Got to love the street’s grapevine. Faster than a hawk flies.
“So how long has it been since you’ve heard from any of your pals?” I asked.
“Well, ’s been a while, but I ain’t worried ’bout it.” His chest puffed out again as he went paler. “Riletto was tellin’ me las’ time we got togeddah I was suppos’ta get outta town. Like da uddah guys did.”
“Really? You’re the last one in town, huh?”
“Yeah. Riletto wassa little worried when Two Times was found by th’ docks. So he called an’ lemme know I was gonna hafta take a powdah.”
“So where were you supposed to go?”
“Riletto was suppos’ta pick me up las’ night aftah we made da switch. He was gonna take me out t’some safe house wheah da guys were layin’ low.”
It wasn’t like Benny had lied to him there…the other guys were laying low. You don’t get much lower than six feet under.
“Mario, Mario, Mario,” I chided, “you’re getting mixed up with the wrong crowd, and I don’t think your mama would be too happy about that. Bad enough you’re working for Capone, but right now ain’t such a good time to be known for keeping close company with Riletto and DeMayo, either.”
“DeMayo,” Mario huffed. He shook his head and spat. “DeMayo was just a punk wit a nice face who Riletto played for da suckah he was. Nah, Riletto had it all figyahed out. He was gonna see dis plan out wit DeMayo, whack ’em an’ whack ’em hard, den run Chicago wit me an’ da guys as his generals.”
While this kid wasn’t dim, he didn’t strike me as creative enough to cook up a cockamamie story like this. Benny Riletto, planning a coup of his own? It didn’t make sense when I was searching his place, and it still didn’t make sense. He was the kind of dink born and bred to follow, like most goblins I had the displeasure of crossing paths with. So could Benny, as Mario was telling me, really been playing DeMayo all along?
I took a few steps back, giving this gullible kid a little more breathing room. (With the new insight he was giving me on Benny and this case, I figured he had earned it.) My goodwill gesture was accented by that final touch of my pipe appearing from my coat pocket.

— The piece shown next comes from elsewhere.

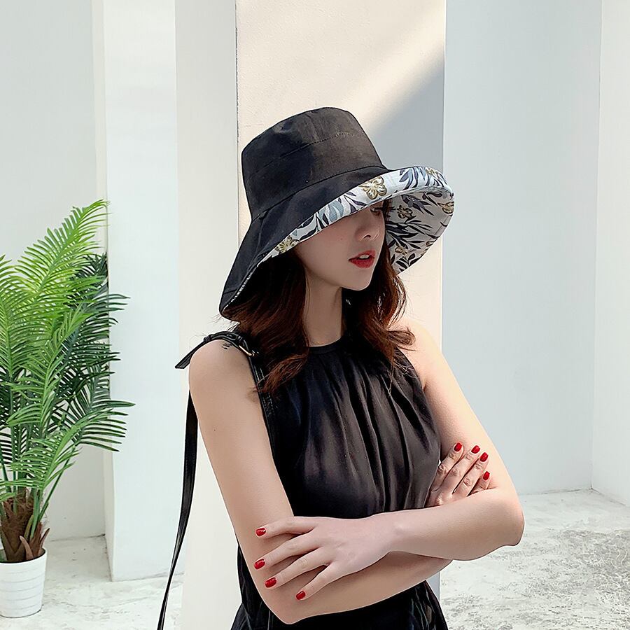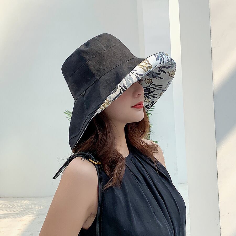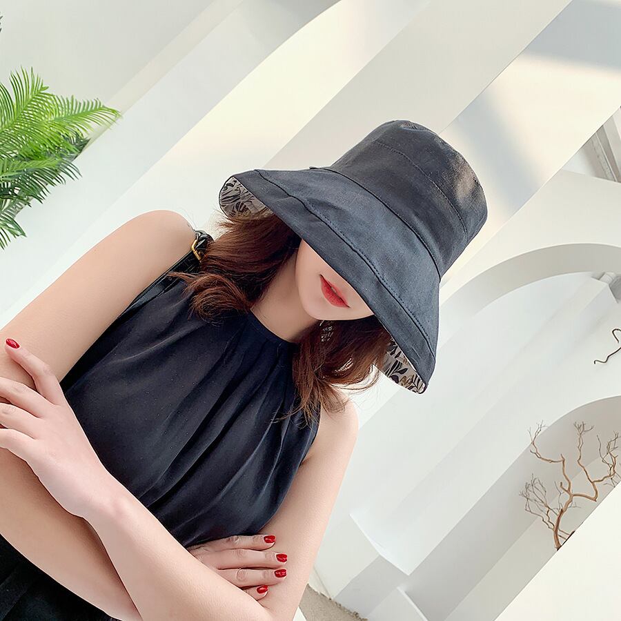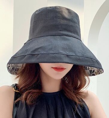 【リバーシブル】UVカット ツバ広帽子 日除け キャップ レディース 黒色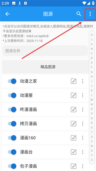 2、进入图源页面后,点击右上角的三点菜单按钮,可展开功能选项列表,找到导入图源的相关功能哦。

Mario didn’t move. Finally, he was using that brain the Fates had blessed him with. He wasn’t going anywhere until I was long gone.
“You’re a good boy, Mario,” I said, scratching a match against the bistro’s bricks and taking a few deep puffs. “Regardless of what your mama thinks.”
He huffed again, but I held up my hand. “Look at who you’re talkin’ to, kid. It wasn’t easy growing up where I did. I did what I had to do for my family. Then, when I…lost my family and found myself on my own, I did what I had to do to survive. I’m just like you. Only shorter.”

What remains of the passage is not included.